Reaction mass of glycerol, glycerol 1-formate, glycerol 2-formate, glycerol 1,2-diformate, glycerol 1,3-diformate and glycerol triformate

Administrative data

Endpoint:

in vivo mammalian somatic cell study: cytogenicity / erythrocyte micronucleus

Type of information:

experimental study

Adequacy of study:

weight of evidence

Reliability:

2 (reliable with restrictions)

Rationale for reliability incl. deficiencies:

data from handbook or collection of data

Justification for type of information:

This endpoint study record is part of a Weight of Evidence approach comprising of read-across from three studies for one analogue source substance. The results of the read-across studies agree as to the potential for genetic toxicity and are sufficient to fulfil the information requirements as further explained in the provided genetic toxicity endpoint summary.

Data source

Materials and methods

Test guidelineopen allclose all

GLP compliance:

not specified

Type of assay:

mammalian erythrocyte micronucleus test

Test material

Specific details on test material used for the study:

Reported as: Potassium hydrogen diformate (KHFo)

Test animals

Species:

rat

Strain:

not specified

Sex:

male/female

Administration / exposure

Route of administration:

intravenous

Vehicle:

Yes: not specified

Doses / concentrationsopen allclose all

No. of animals per sex per dose:

five male and five female rats

Positive control(s):

Yes: not specified

Examinations

Tissues and cell types examined:

Bone marrow blood cells were prepared at 24 and 48 hours post treatment and examined for micronucleated polychromatic erythrocytes.

Results and discussion

Additional information on results:

A decrease in the PCE/NCE ratio was observed when compared to the vehicle control. The group mean frequencies of micronucleated PCE at the 24-hour sampling time were comparable between the treatment and control groups. At the 48-hour sampling time there was an overall statistically significant trend. However, the authors noted that all group mean micronucleus frequencies were within the historical negative control range and, compared to the vehicle group, the increase was not statistically significant. It was concluded that KHFo did not increase the percentage of micronuclei in an in vivo rat bone marrow micronucleus test.

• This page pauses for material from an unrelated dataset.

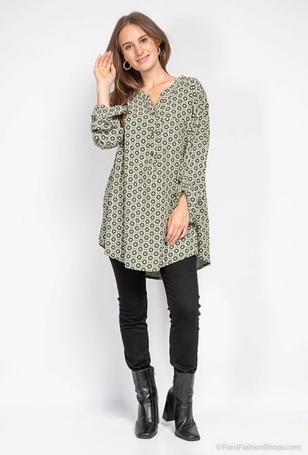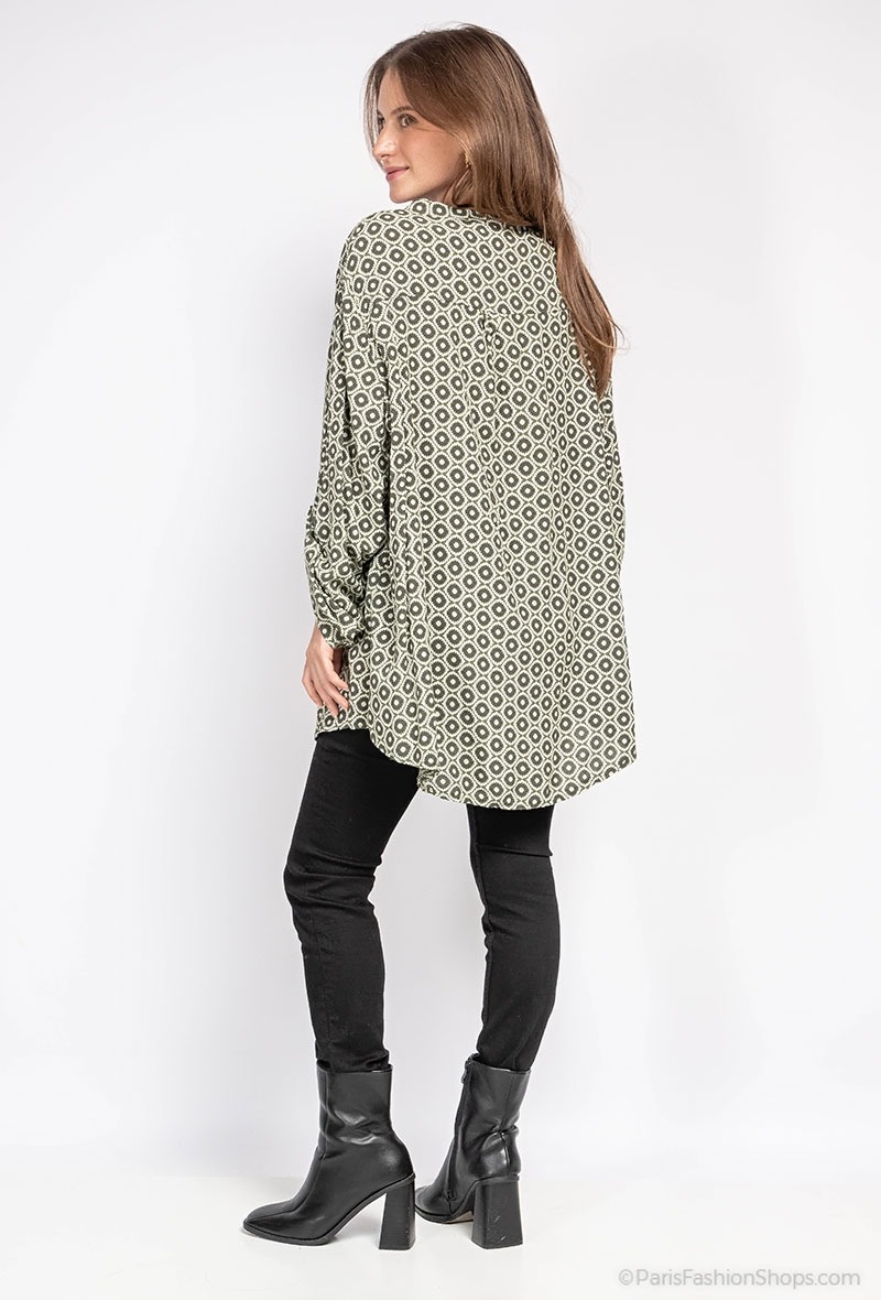 Smuk skjorte med fint mønster. Farve : Khaki. Fremstillet i 95% bomuld, 5% elastan.

Applicant's summary and conclusion

Conclusions:

KHFo did not increase the percentage of micronuclei in an in vivo rat bone marrow micronucleus test.

Executive summary:

The analogue source substance SS4 did not increase percent of micronuclei in an in vivo rat bone marrow micronucleus test performed in accordance with OECD Test Guideline 474 when tested at doses of up to 50 mg/kg bw. In this study, rats (5/sex) were intravenously administered SS4 and bone marrow blood cells were prepared at 24 and 48 hours post treatment and examined for micronucleated polychromatic erythrocytes. A decrease in the PCE/NCE ratio was observed when compared to the vehicle control. The group mean frequencies of micronucleated PCE at the 24-hour sampling time were comparable between the treatment and control groups. At the 48-hour sampling time there was an overall statistically significant trend. However, the authors noted that all group mean micronucleus frequencies were within the historical negative control range and, compared to the vehicle group, the increase was not statistically significant. It was concluded that KHFo did not increase the percentage of micronuclei in an in vivo rat bone marrow micronucleus test.